Unable to solve this ODE I want to solve this ODE. I am a beginner in this feels and this seems really tough for  a students who has just studies for 3 weeks yet. please help me solve this equation: 
$$\dfrac{dx}{dt} = 10- 10\dfrac{x}{500-5t}$$
Here $x$ is a function of $t$ i.e $x(t)$ and we have to solve for $x(t)$. Initial condition is given that at $t=0$ by $x(t) = 0$.
Thanks
 A: Standard method: 
1) Get it into the form $\dfrac{dx}{dt}+P(t)x=Q(t)$
At this point, you want to multiply the left hand side by a function $R(t)$ so that it is of the form $\dfrac{d}{dt}\left[xR(t)\right]=R(t)\dfrac{dx}{dt}+xR'(t)$ (by the product rule).  From this, we see that we need $P(t)R'(t)=R(t)$.  

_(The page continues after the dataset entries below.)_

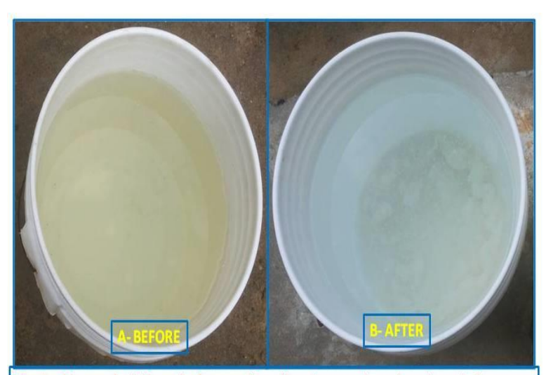
Typical household borehole unsafe salt water analyzed and contains pathogens, metals and salts.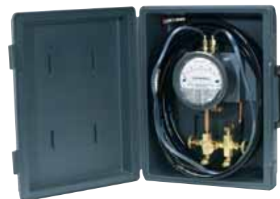
CAPSUHELIC® GAGE SHOWN INSTALLED IN A-471 PORTABLE KIT

For portable operation, the A-471 Capsuhelic® Portable Gage Kit is available complete with tough polypropylene carrying case, mounting bracket, 3-way manifold valve, two 10' high pressure hoses, and all necessary fittings. See pages 8 and 9 for complete information on the Capsuhelic® gage.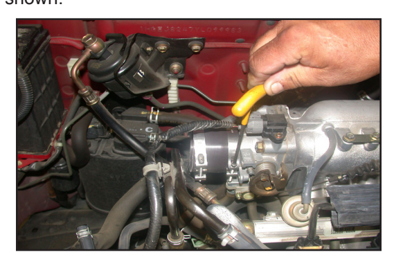
12. Install the silicone hose and hose clamps onto the throttle body and tighten as shown.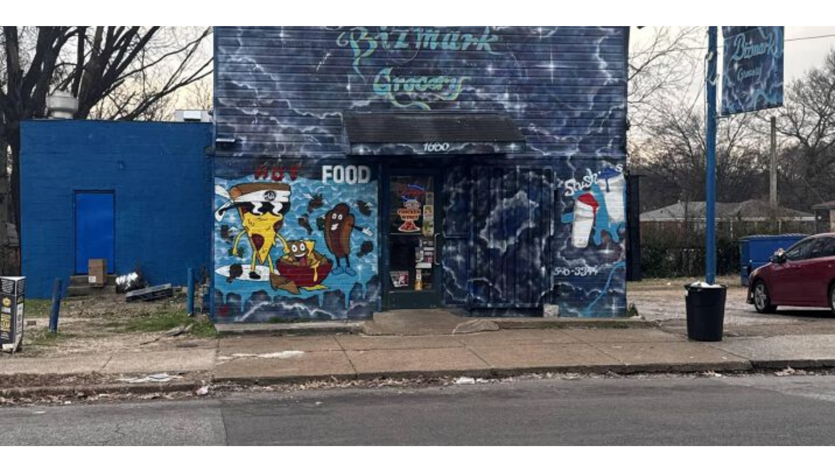
271 W Person Ave, Memphis, TN 38109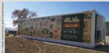
Tri-State Generation and Transmission

The NMSU Center of Excellence in Sustainable Food and Agricultural Systems has partnered with Tri-State Generation and Transmission to join the Electric Power Research Institute’s National Demonstration and Monitoring of Indoor Food Production Facilities research project to explore indoor agriculture concepts.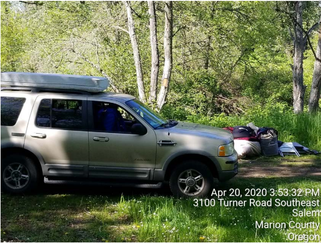
Homeless campers driving through park. ( not on roadways. )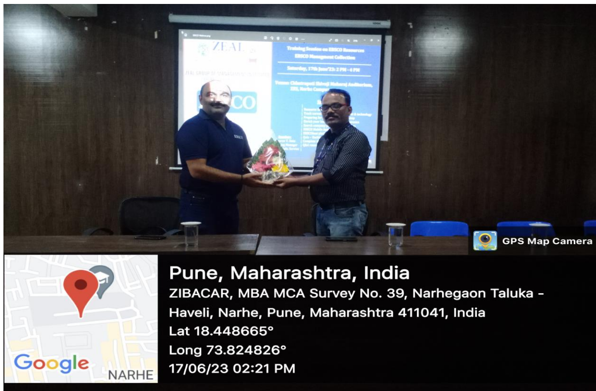
Photograph 2.- Welcome of Trainer by Director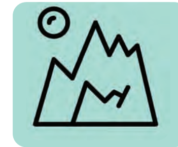
Promote Experiential Activities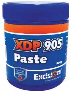
S074 Cutting Tool Lubricant Paste - 500g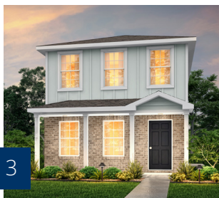
Elevation B 3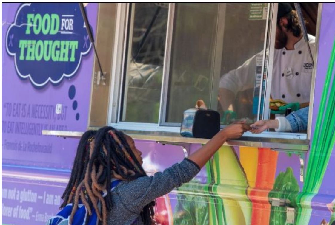
PROPOSED CENTER FOR FOOD INNOVATION SEEKS COMMUNITY INPUT

CT LIVE!: Community Supported Agriculture in Connecticut, NBC CT, 3/9 Melissa in the Morning: Bird Flu in Connecticut, WTIC, 3/8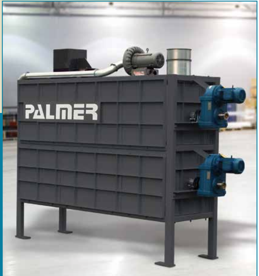
TSR-Series Thermal Reclamation System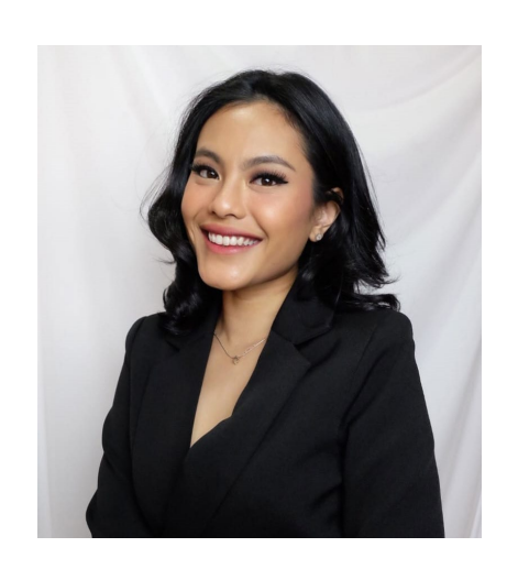
Partnership Manager, Digital Transformation Office

This is a differential equation which you should be able to solve.  For reference, the solution for general $P(t)$ is $R(t)=e^{\int^t P(\tau)d\tau}$.  Then the equation becomes easy to solve: 
$$
\dfrac{d}{dt}\left[xR(t)\right]=Q(t)R(t)
$$
Anti-differentiating both sides leads you to the answer.

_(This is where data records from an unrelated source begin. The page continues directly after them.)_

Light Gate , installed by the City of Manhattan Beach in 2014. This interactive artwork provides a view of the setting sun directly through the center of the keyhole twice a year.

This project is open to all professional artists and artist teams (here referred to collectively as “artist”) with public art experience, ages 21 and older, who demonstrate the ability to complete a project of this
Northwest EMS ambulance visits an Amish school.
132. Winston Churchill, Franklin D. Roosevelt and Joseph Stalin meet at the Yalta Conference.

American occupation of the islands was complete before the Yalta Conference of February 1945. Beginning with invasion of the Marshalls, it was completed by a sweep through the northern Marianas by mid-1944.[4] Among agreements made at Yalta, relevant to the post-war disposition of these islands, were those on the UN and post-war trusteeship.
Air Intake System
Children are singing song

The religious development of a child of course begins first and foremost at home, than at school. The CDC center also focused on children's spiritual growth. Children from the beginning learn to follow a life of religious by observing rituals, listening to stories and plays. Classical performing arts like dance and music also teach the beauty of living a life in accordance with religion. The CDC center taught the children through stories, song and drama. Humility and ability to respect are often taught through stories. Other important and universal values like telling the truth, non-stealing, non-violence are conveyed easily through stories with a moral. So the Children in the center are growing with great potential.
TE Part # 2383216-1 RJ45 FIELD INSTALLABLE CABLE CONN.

A: This is simply a 1st order linear ODE, as it is in the form,
$\frac{dx}{dt} + P(t)x = Q(t) $
i.e. 
$\frac{dx}{dt} + \frac{10}{500-5t}x = 10$
In order to solve this, use an integrating factor, $I(t)$ :
$ I(t) = exp(\int P(t)  dt) $
This is,
$I(t) = exp(\int \frac{10}{500-5t} dt) = exp (-2(ln(500-5t) + C) = exp(ln(\frac{1}{(500-5t)^2}) + ln(C')) = \frac{A}{25(100-t)^2} $ 
(where $A, C,$ and $C'$ are constants of integration).
Multiplying the ODE through by integrating factor $\frac{25.I(t)}{A}$, we get,
$\frac{x'(t)}{(100-t)^2} + \frac{2x}{(100-t)^3} = \frac{10}{(100-t)^2} $
$\implies \frac{d}{dt} [x(100-t)^{-2}] = \frac{10}{(100-t)^2} $
$\implies \int \frac{d}{dt}[x(100-t)^{-2}] dt = \int \frac{10}{(100-t)^2}dt $
$ \implies x(100-t)^{-2} = 10(100-t)^{-1} + B $ , where $B$ is a constant of integration
$ \implies x(t) = 10(100-t) + B(100-t)^2 = (100-t)[10+B(100-t)]$
Hence, $x(t)$ is the quadratic described above. Notice that the ODE has a singularity at $t=100$ so $x(t)$ is defined for $\forall t \in \mathbb{R}\setminus{\left\{100\right\}}$.